#### INPUT
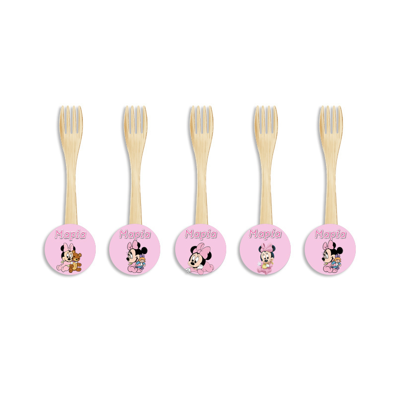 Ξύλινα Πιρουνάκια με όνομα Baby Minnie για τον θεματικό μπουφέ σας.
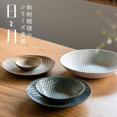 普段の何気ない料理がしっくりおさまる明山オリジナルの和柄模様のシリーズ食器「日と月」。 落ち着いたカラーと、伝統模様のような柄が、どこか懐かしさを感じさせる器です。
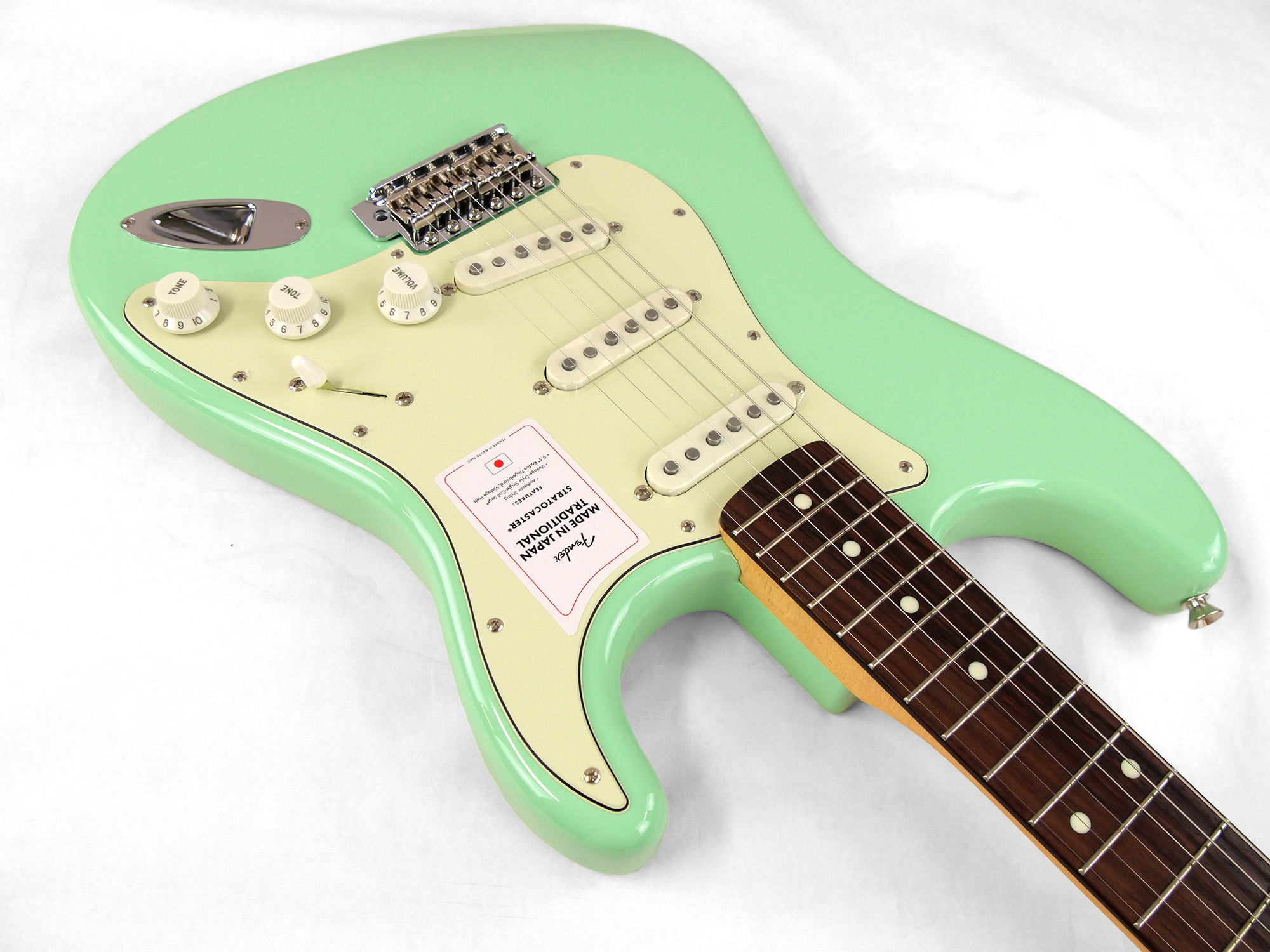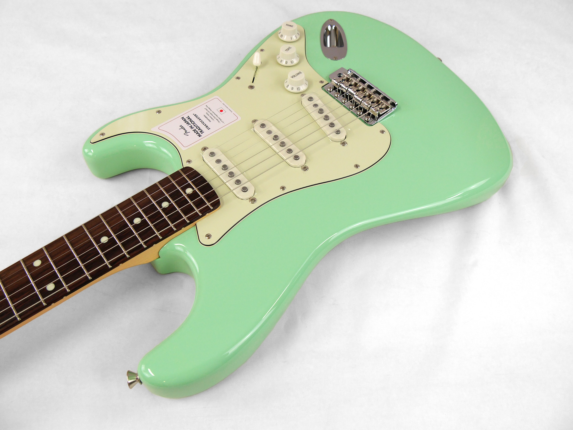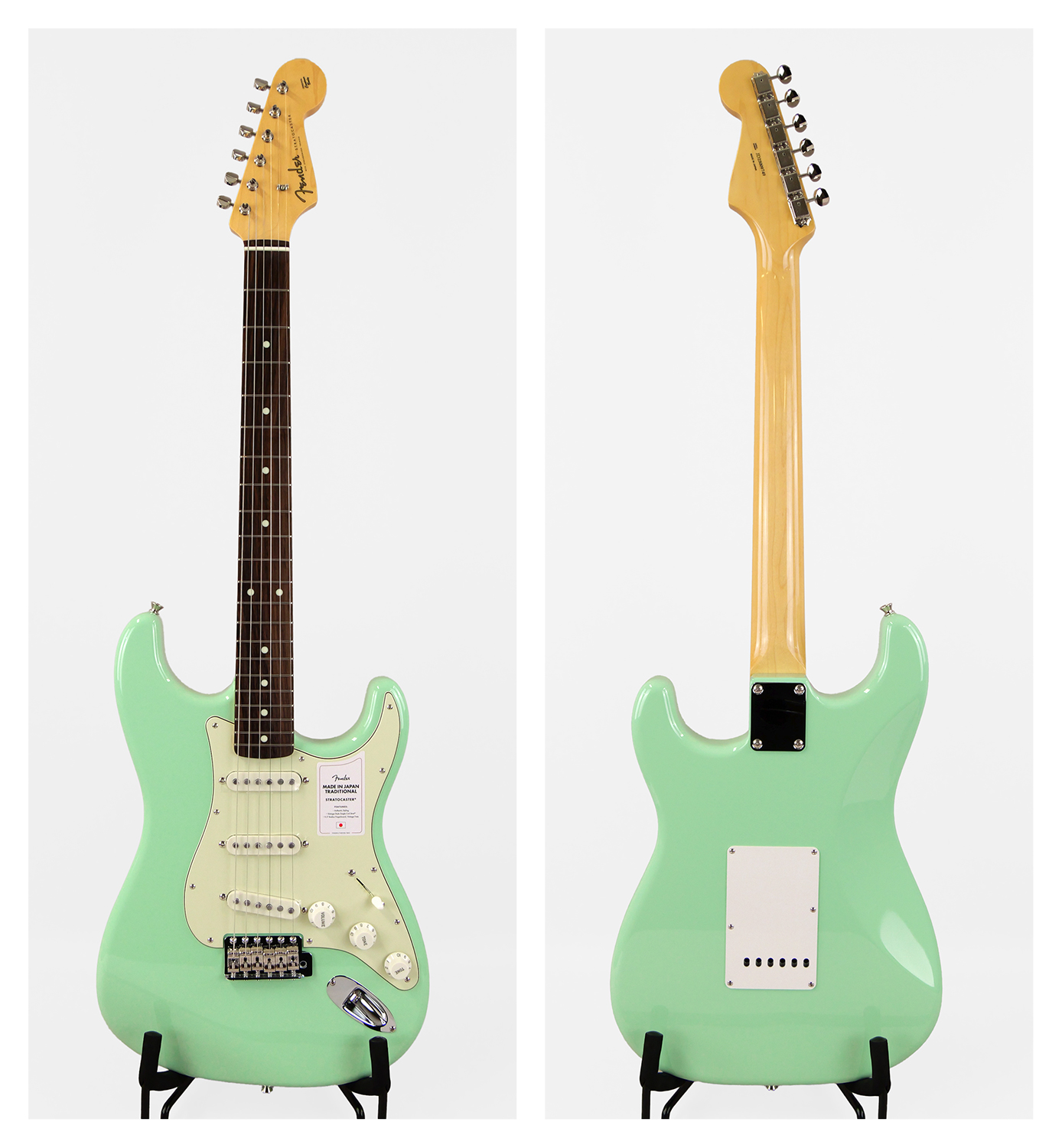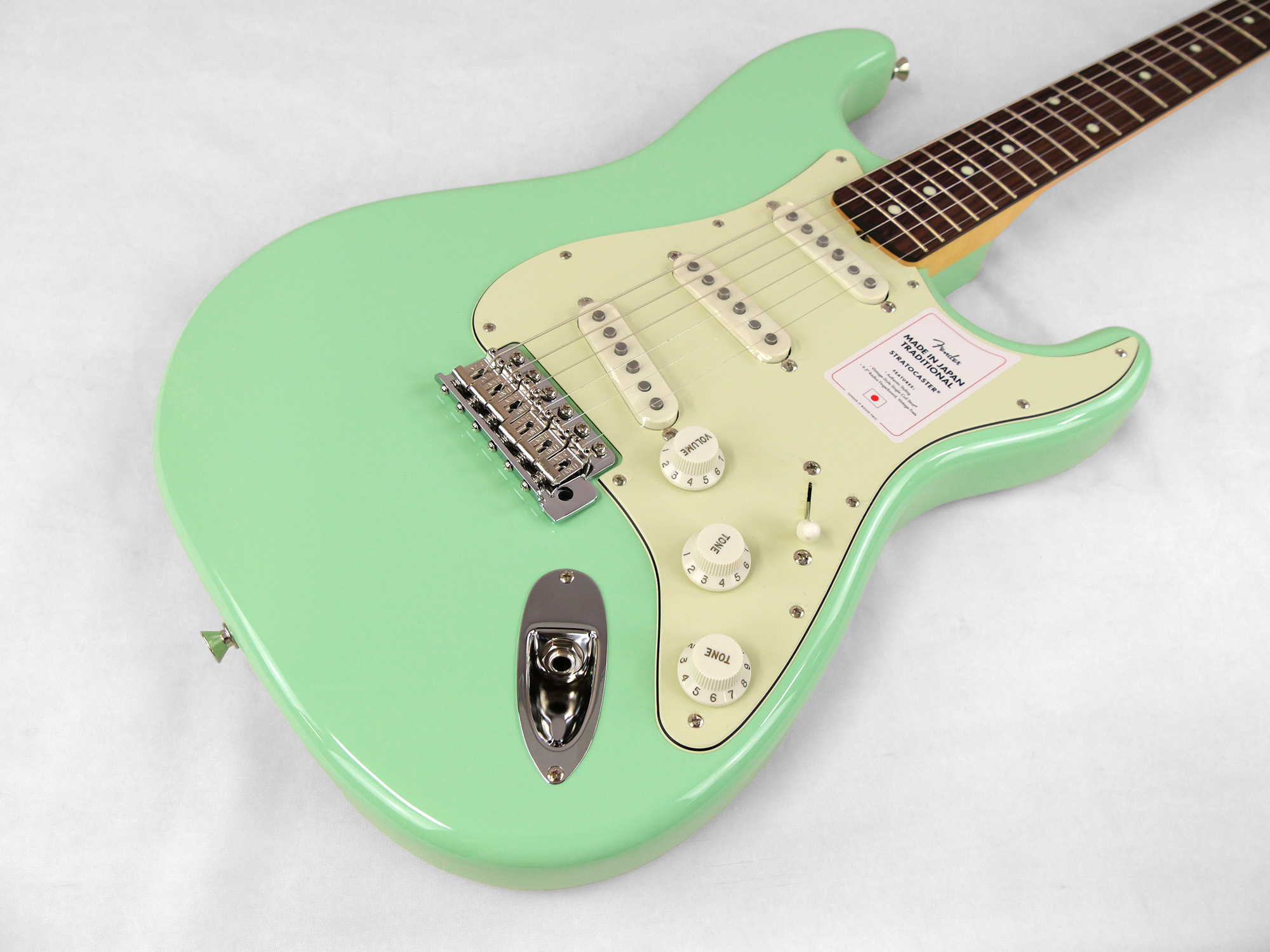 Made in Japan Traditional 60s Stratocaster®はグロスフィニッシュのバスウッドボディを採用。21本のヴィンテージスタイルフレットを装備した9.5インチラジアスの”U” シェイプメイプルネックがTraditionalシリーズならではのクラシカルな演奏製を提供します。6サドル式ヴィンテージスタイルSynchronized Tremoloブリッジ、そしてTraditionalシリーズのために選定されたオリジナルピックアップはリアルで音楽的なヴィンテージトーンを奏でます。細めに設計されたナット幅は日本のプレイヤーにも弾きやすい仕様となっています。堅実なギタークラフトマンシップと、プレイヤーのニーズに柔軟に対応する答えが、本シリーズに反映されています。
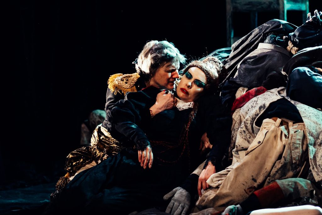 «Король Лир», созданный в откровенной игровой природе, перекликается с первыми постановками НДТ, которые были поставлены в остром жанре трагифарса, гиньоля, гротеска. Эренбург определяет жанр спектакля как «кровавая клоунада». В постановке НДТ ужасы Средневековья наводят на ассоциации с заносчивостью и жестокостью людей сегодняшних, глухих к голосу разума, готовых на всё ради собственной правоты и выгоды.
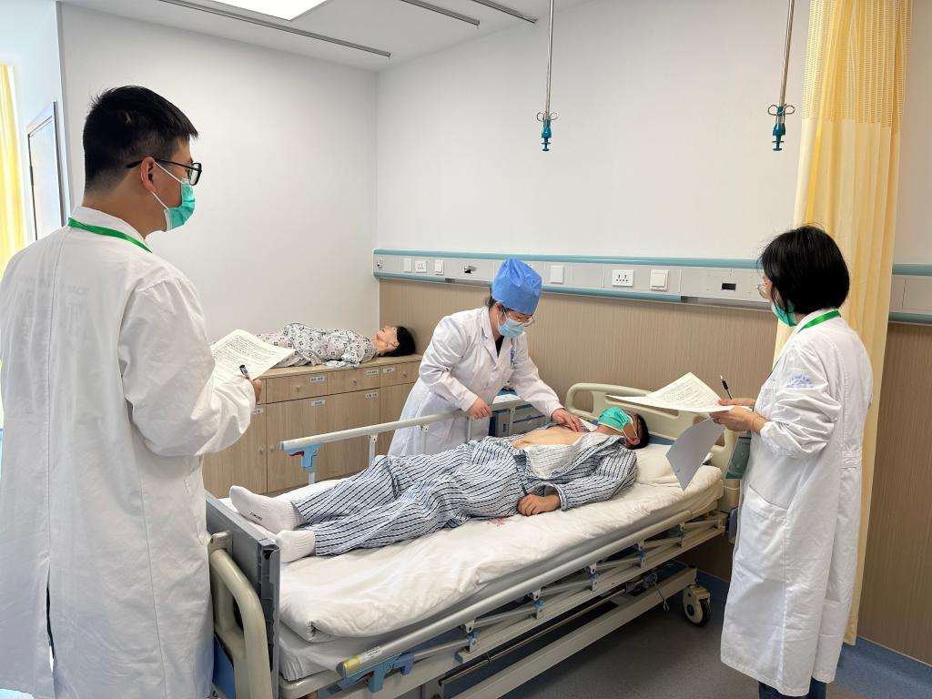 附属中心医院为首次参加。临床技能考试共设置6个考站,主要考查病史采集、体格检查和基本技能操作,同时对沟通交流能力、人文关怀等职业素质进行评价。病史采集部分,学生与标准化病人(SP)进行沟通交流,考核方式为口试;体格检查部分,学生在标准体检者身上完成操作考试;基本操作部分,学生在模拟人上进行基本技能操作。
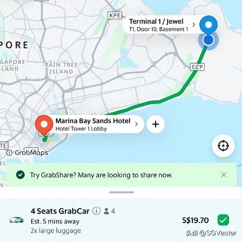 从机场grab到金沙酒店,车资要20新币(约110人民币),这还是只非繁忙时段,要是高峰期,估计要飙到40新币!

#### EXERCISE
Output each line exactly as shown above; no pictures go in the copy.

#### ANSWER BELOW
 Ξύλινα Πιρουνάκια με όνομα Baby Minnie για τον θεματικό μπουφέ σας.
 普段の何気ない料理がしっくりおさまる明山オリジナルの和柄模様のシリーズ食器「日と月」。 落ち着いたカラーと、伝統模様のような柄が、どこか懐かしさを感じさせる器です。
 Made in Japan Traditional 60s Stratocaster®はグロスフィニッシュのバスウッドボディを採用。21本のヴィンテージスタイルフレットを装備した9.5インチラジアスの”U” シェイプメイプルネックがTraditionalシリーズならではのクラシカルな演奏製を提供します。6サドル式ヴィンテージスタイルSynchronized Tremoloブリッジ、そしてTraditionalシリーズのために選定されたオリジナルピックアップはリアルで音楽的なヴィンテージトーンを奏でます。細めに設計されたナット幅は日本のプレイヤーにも弾きやすい仕様となっています。堅実なギタークラフトマンシップと、プレイヤーのニーズに柔軟に対応する答えが、本シリーズに反映されています。
 «Король Лир», созданный в откровенной игровой природе, перекликается с первыми постановками НДТ, которые были поставлены в остром жанре трагифарса, гиньоля, гротеска. Эренбург определяет жанр спектакля как «кровавая клоунада». В постановке НДТ ужасы Средневековья наводят на ассоциации с заносчивостью и жестокостью людей сегодняшних, глухих к голосу разума, готовых на всё ради собственной правоты и выгоды.
 附属中心医院为首次参加。临床技能考试共设置6个考站,主要考查病史采集、体格检查和基本技能操作,同时对沟通交流能力、人文关怀等职业素质进行评价。病史采集部分,学生与标准化病人(SP)进行沟通交流,考核方式为口试;体格检查部分,学生在标准体检者身上完成操作考试;基本操作部分,学生在模拟人上进行基本技能操作。
 从机场grab到金沙酒店,车资要20新币(约110人民币),这还是只非繁忙时段,要是高峰期,估计要飙到40新币!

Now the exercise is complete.